Tengo una historia ultra fantasiosa que, creo, puede dar mucho juego. Se trata de dos hermanos que comparten habitación. Duermen en literas y el de arriba, que es el mayor, no hace más que fastidiar al de abajo. Yo estuve hasta los diecinueve compartiendo habitación con mi hermano, así que hablo con conocimiento de causa. Las historias de literas dan para mucho [se ríe]. En fin, un día el de arriba desciende por las escaleras de la litera y se da cuenta de que son infinitas y le conducen a un mundo nuevo. Resulta que el pequeño, que es más fantasioso, ha hecho un pacto con un rey de la Magia y los Sueños. Su hermano, que es más realista, acaba viviendo una aventura que le hará ver las cosas de otra manera. Y tengo otra historia distópica, que es un género que me encanta. Soy lector de Julio Verne, de Ballard… Historias como las de Lost o El mecanoscrit del segon origen, me encantan.Y también me gustaría escribir alguna aventura relacionada con las matemáticas, para las que soy un negado absoluto.

¿Siempre en el ámbito de la narrativa para jóvenes?

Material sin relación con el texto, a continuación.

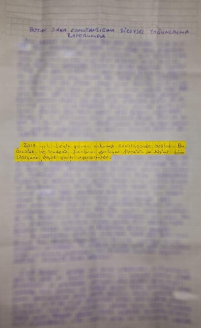 - Aramalarda turuncu kategorideki "Fırat Şah" kod adlı İbrahim İldeniz, "Serhildan Cudi" kod adlı Muhammet Şirin Anakin, "Mervan Kerkük" kod adlı Zana Hazi adlı teröristlerin yazdığı "Botan saha komutanlığına bireysel yoğunlaşma raporumdur" adlı raporlar ele geçirildi.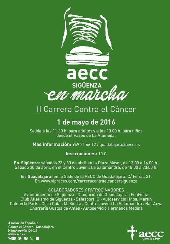 La Asociación Española Contra el Cáncer organiza la II Carrera Contra el Cáncer en Sigüenza (Guadalajara), a beneficio de esta entidad, que tendrá lugar el domingo 1 de mayo a las 11:30 horas los mayores y a las 10:00 los niños.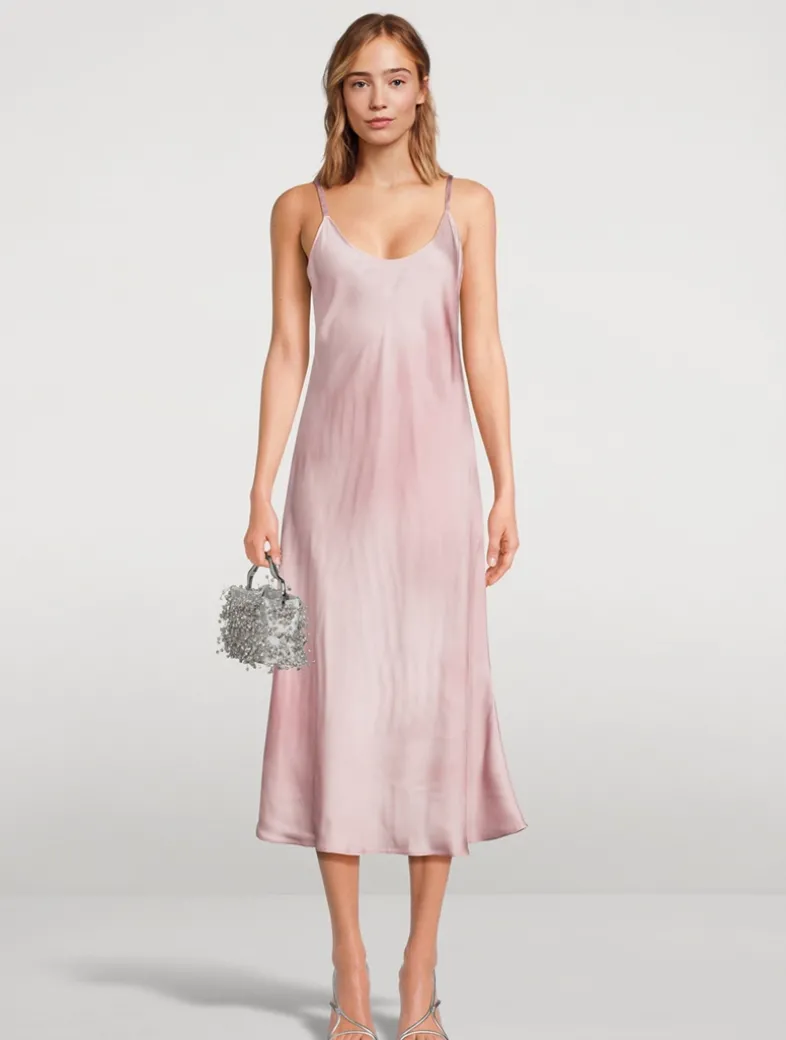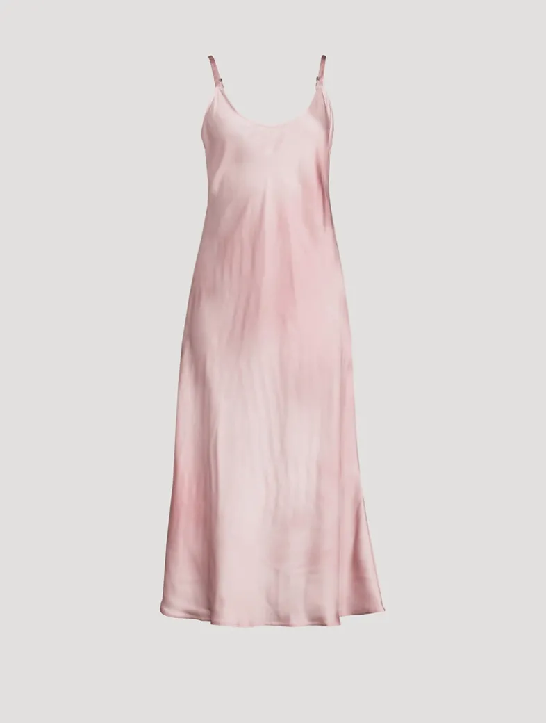 This slinky slip dress is crafted from fluid satin with a subtle printed effect. It is detailed with adjustable shoulder straps with buckled hardware. Cut to a regular fit and a mid-calf length.
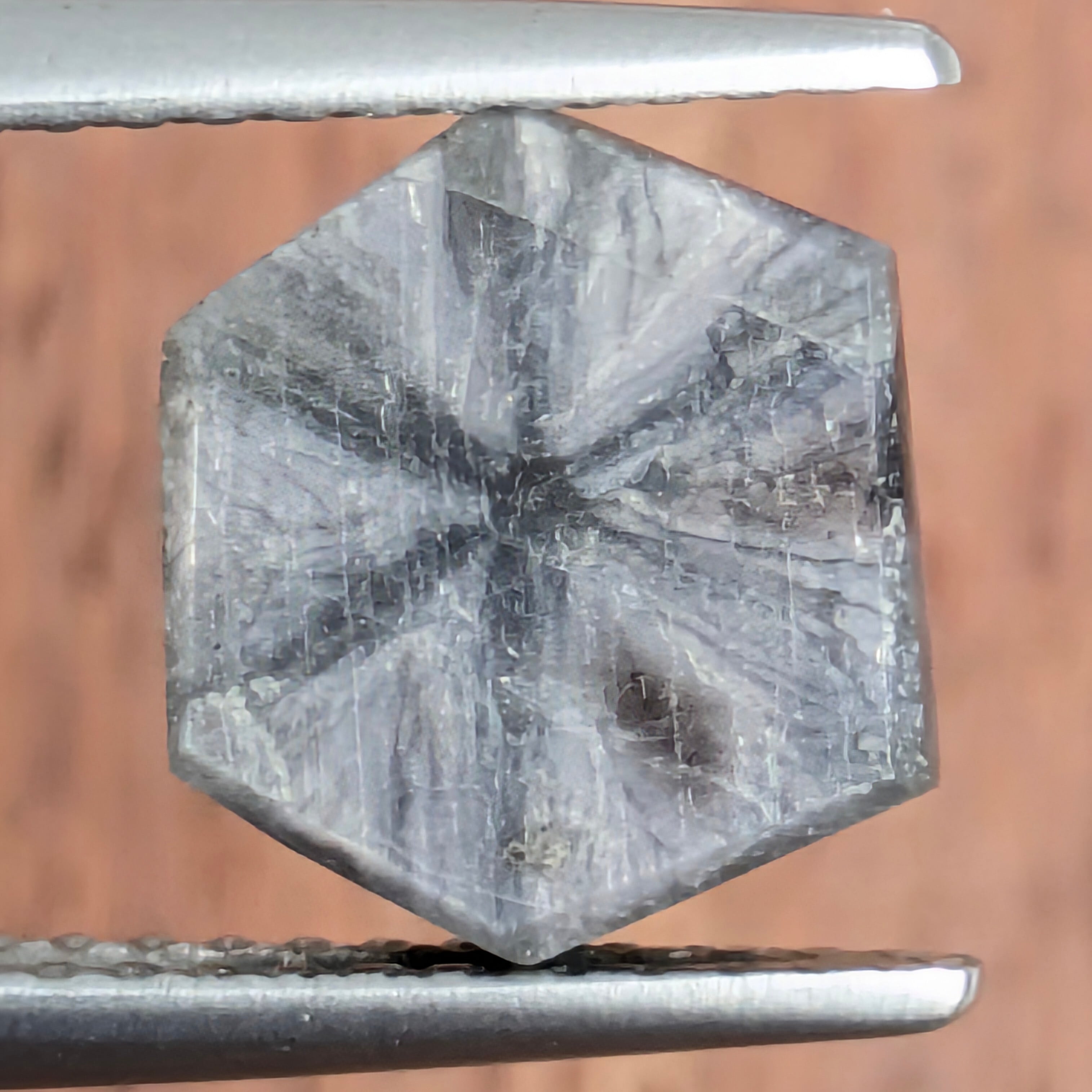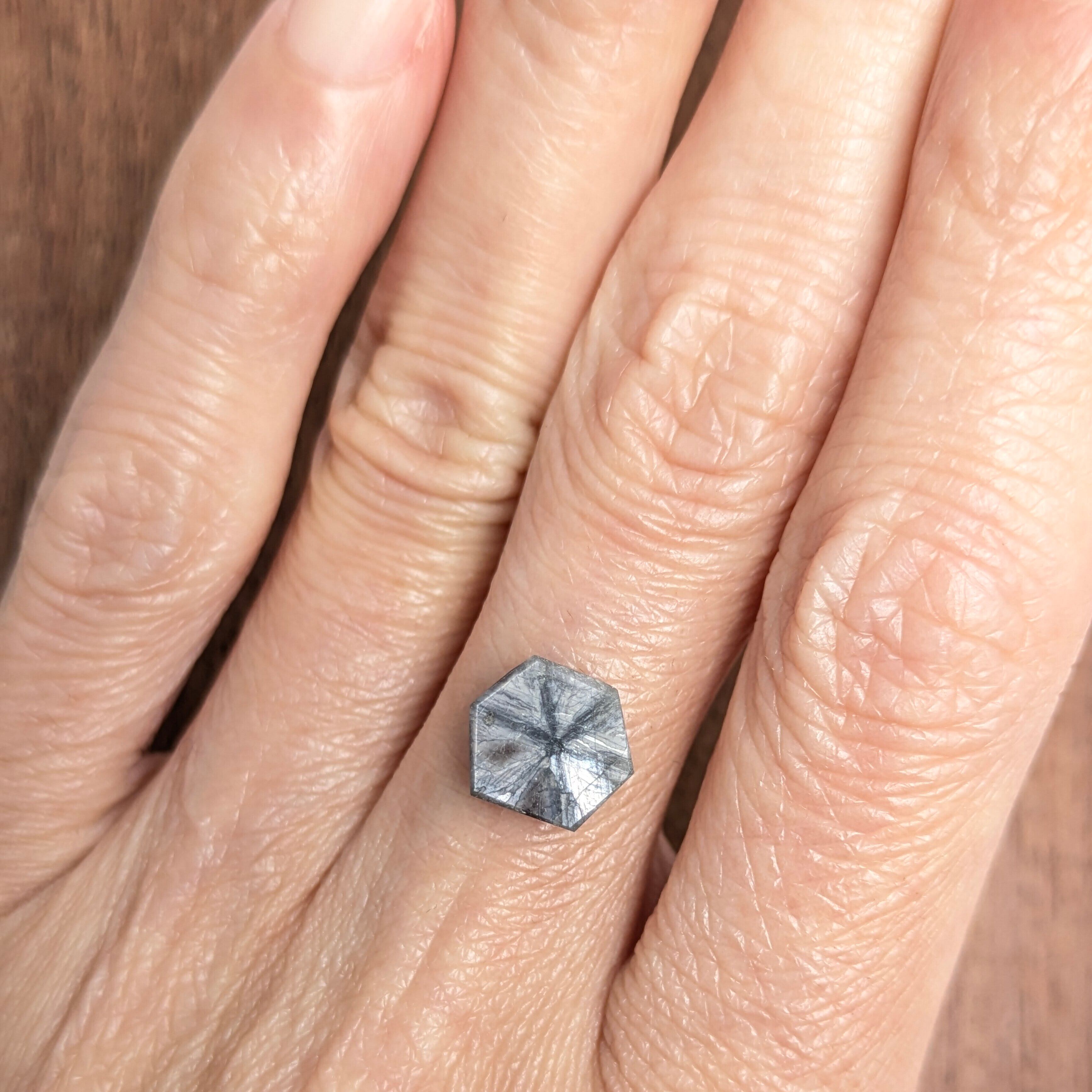 その模様が車輪のように見える「トラピッチェ・サファイア」。“サトウキビの絞り機”の歯車に似ていることからその名前が付いていますが、今回の1ピースはその硬質なシルバーの色合いから、タロットカードの「運命の輪」を思わせる佇まい。「人生の転機」を意味するそのカードに似ているこの石との出会いは、もしかすると何かを暗示しているのかもしれません。惹かれたそこのあなた・・・!もう、貴方のものです。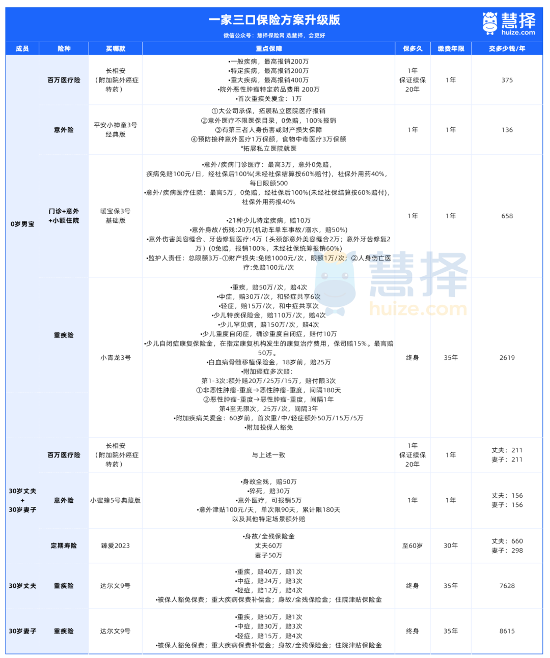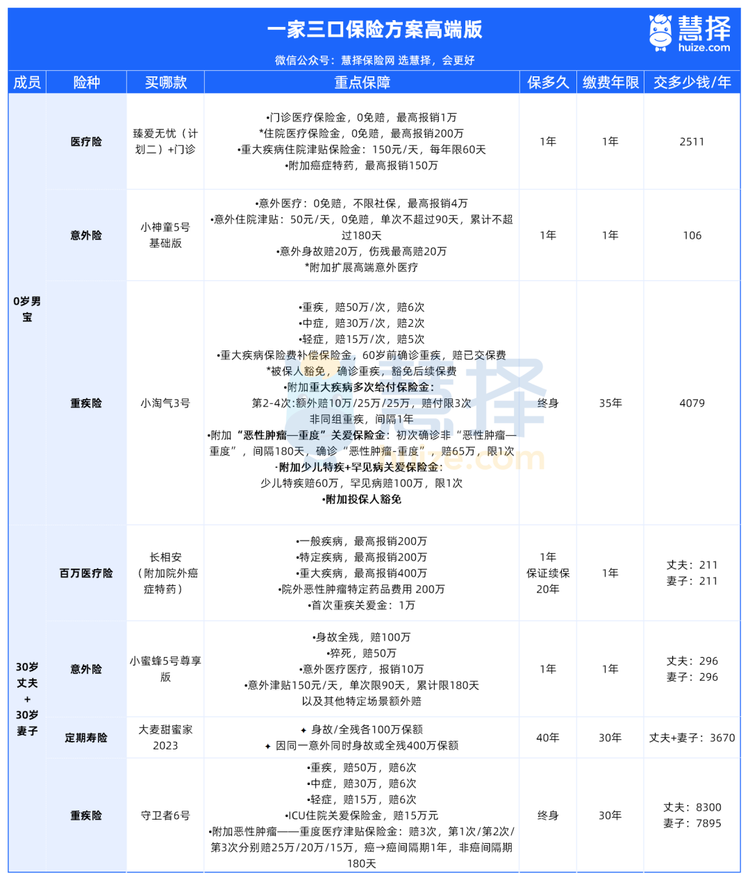 如果預(yù)算充足,每月有2000元保險(xiǎn)預(yù)算的話,可以參考以下方案。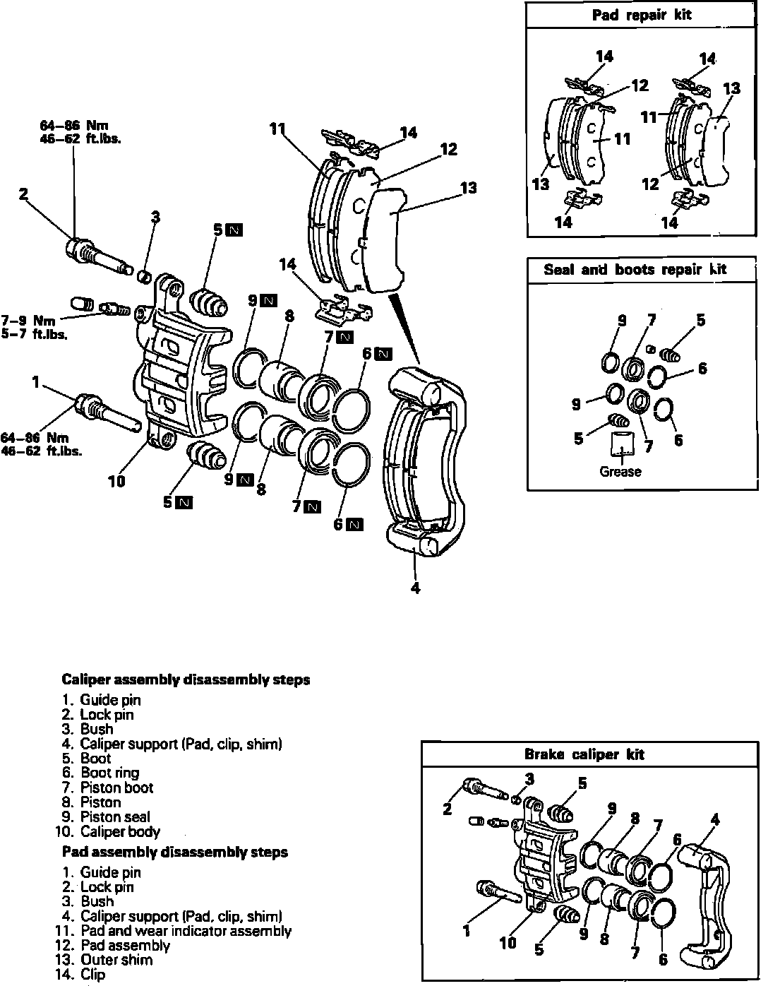 7. Apply a coating of suitable grease to the pad and anti-squeak shim contact surface and to the anti-squeak shim and inner shim contact surface. Ensure that grease does not come in contact with brake pad assemble.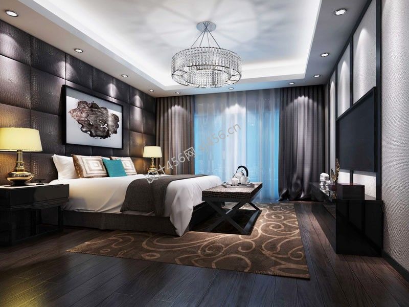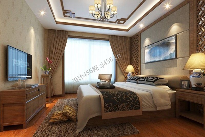 168平米四居室卧室床尾凳装修设计图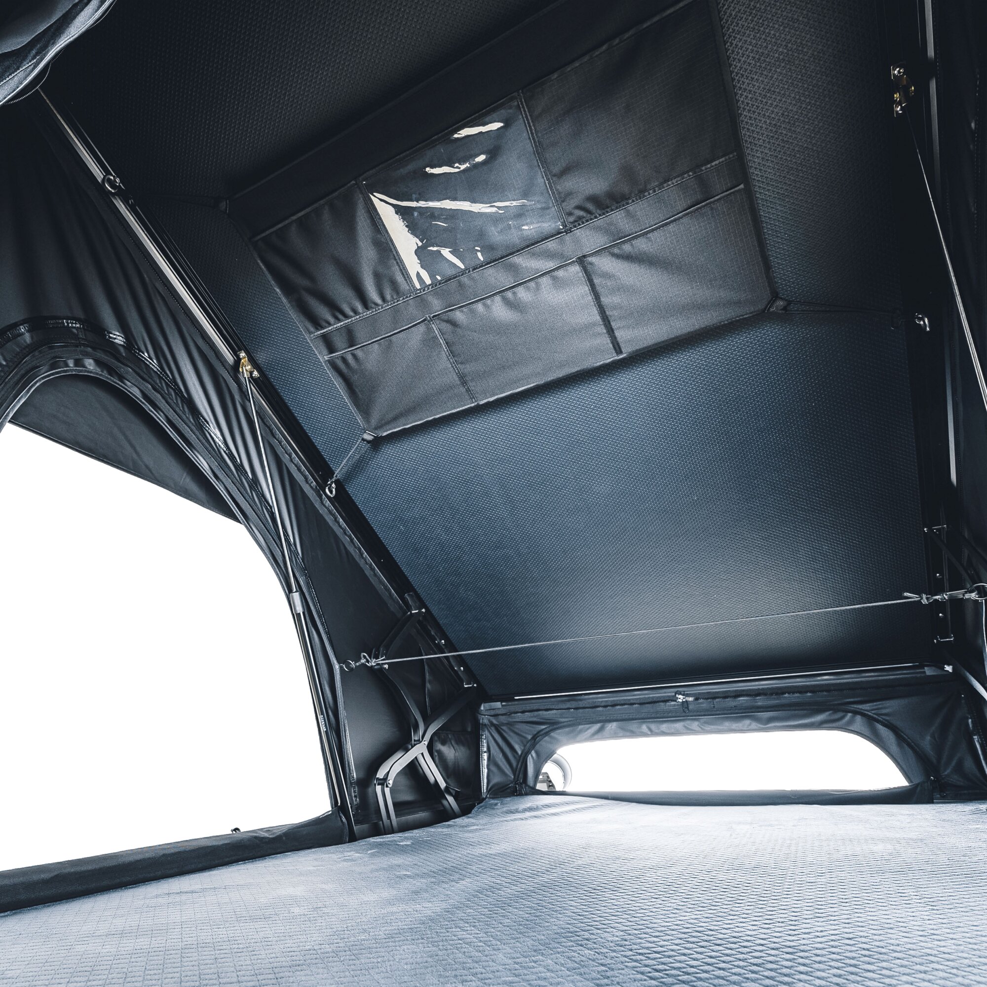 Dieses Dachzelt passt auf Fahrzeuge mit einer Dachlast von mindestens 80 kg/94 kg je nach Größe. Mit robuster Aluschale, patentiertem Scherensystem für zusätzlichen Innenraum und 5 cm dicker Schlafmatte mit Baumwollbezug. Inkl. LED-Lichtleiste, verschließbaren Fenstern mit Belüftungsgaze, Innentaschen und äußerem Schuhfach. Eine Teleskopleiter (2,3 m, 6 kg) erleichtert den Zugang. Sie kann im Fahrzeug transportiert werden und spart so Gewicht auf dem Dach. Wetter- und staubbeständige Gummidichtungen. Inkl. luftdurchlässiger Kondensmatte, die unter die Matratze gelegt wird. Die Matte minimiert die Bildung von Kondenswasser und verhindert dadurch Schimmel. Material: 320 g Ripstop Polycotton + 125 g Tear-resistant Nylon (Zelt); Aluminium + Wabenplatte (Boden); Matratzenbezug: Baumwolle.

Sí. Me da miedo escribir para adultos.

¿Y eso?

No sé, creo que es por el respeto que me produce el campo semántico, el registro… Me siento más cercano y cómodo en el mundo de los chavales.

¿Y cuentos?

Me dan pereza como lector, a no ser que se escriban siguiendo una pauta, que estén unidos por algo. A los veintidós años escribí Doce cuentos laborales. Había trabajado haciendo de todo, en una fábrica de suavizantes, vendiendo álbumes de cromos en los colegios, repartiendo correo comercial… Y me inspiré en esas experiencias para escribirlos. Envié el manuscrito a varias editoriales. Aún conservo las cartas de rechazo, curiosamente muchas están firmadas por quienes entonces eran responsables de prensa (que se encargaban, además, de hacer este tipo de trabajos) y que ahora son editores. Eran esas cartas tipo «Te invitamos a seguir…»; «… no encaja con nuestro catálogo…». Ahora leo esos cuentos y, sí, son malos. Como te decía al principio, en cada mudanza encuentro de nuevo estos primeros intentos. Releí una cosa llamada Seguir jugando que escribí con veintiséis años… y es infumable, mi Crimen y castigo particular. ¡Qué cosa más pretenciosa! Iba de una pareja que no admite que un amigo ultra rico viva sin gastar un duro por el bien de los demás. Así que se lo cepillaban. Admito que era el resultado de lecturas muy salvajes e intentaba demostrar valores de una manera infame. No lo reescribiré en la vida. Pero mira, quizás de ahí venga ese miedo a escribir cosas para adultos.

Fotografía de Octavio Botana cedida por el autor.

* Autódromo / Autòdrom. Octavio Botana. Ilustraciones de Isidre Monés. Traducción al catalán de Núria Garcia. La Galera (Barcelona, 2010).